Exercise:
Write out the entire listing below exactly, with the pictures left out.

START Available data

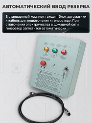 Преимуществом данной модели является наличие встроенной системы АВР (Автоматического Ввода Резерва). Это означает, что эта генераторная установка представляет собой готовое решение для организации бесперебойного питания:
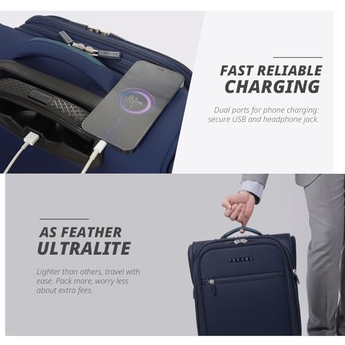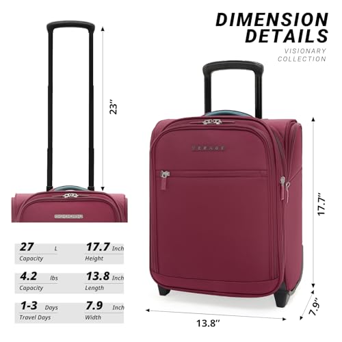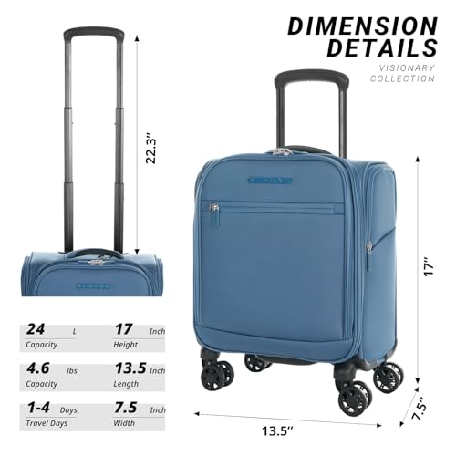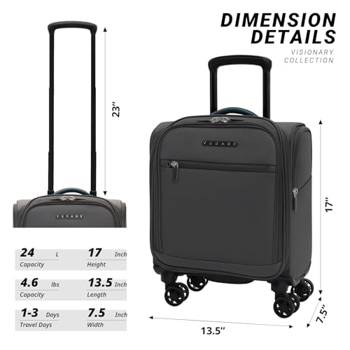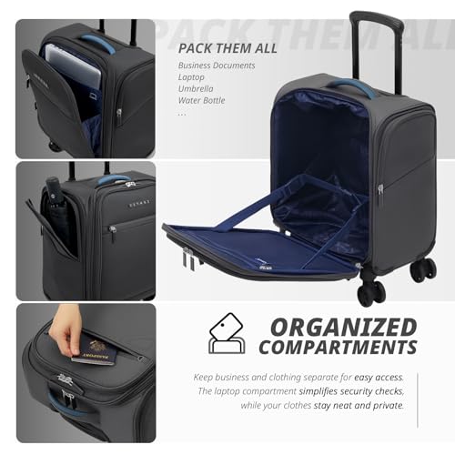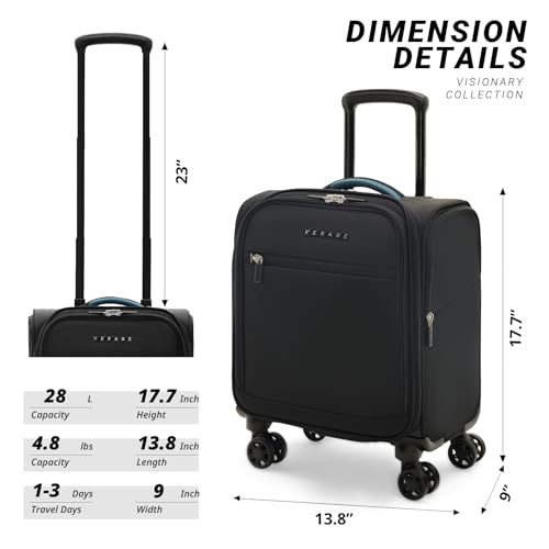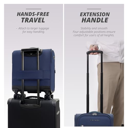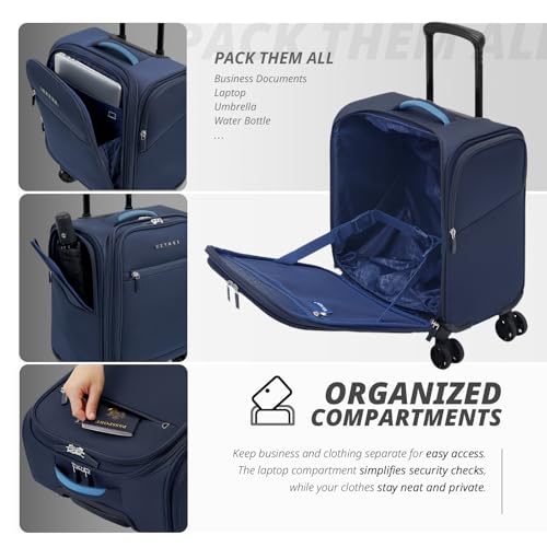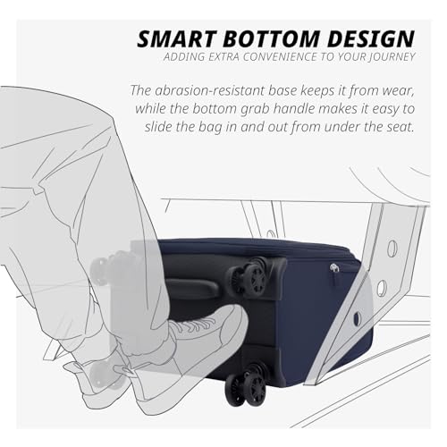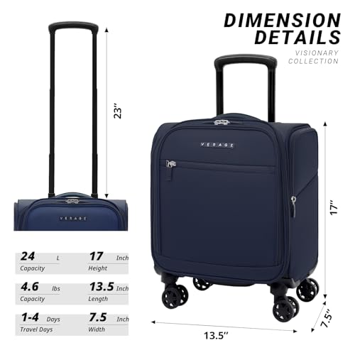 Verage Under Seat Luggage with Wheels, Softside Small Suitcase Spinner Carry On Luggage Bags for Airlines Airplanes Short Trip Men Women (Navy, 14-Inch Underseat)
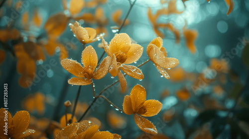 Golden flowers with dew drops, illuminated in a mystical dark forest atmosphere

END Available data

Output for this exercise:
 Преимуществом данной модели является наличие встроенной системы АВР (Автоматического Ввода Резерва). Это означает, что эта генераторная установка представляет собой готовое решение для организации бесперебойного питания:
 Verage Under Seat Luggage with Wheels, Softside Small Suitcase Spinner Carry On Luggage Bags for Airlines Airplanes Short Trip Men Women (Navy, 14-Inch Underseat)
 Golden flowers with dew drops, illuminated in a mystical dark forest atmosphere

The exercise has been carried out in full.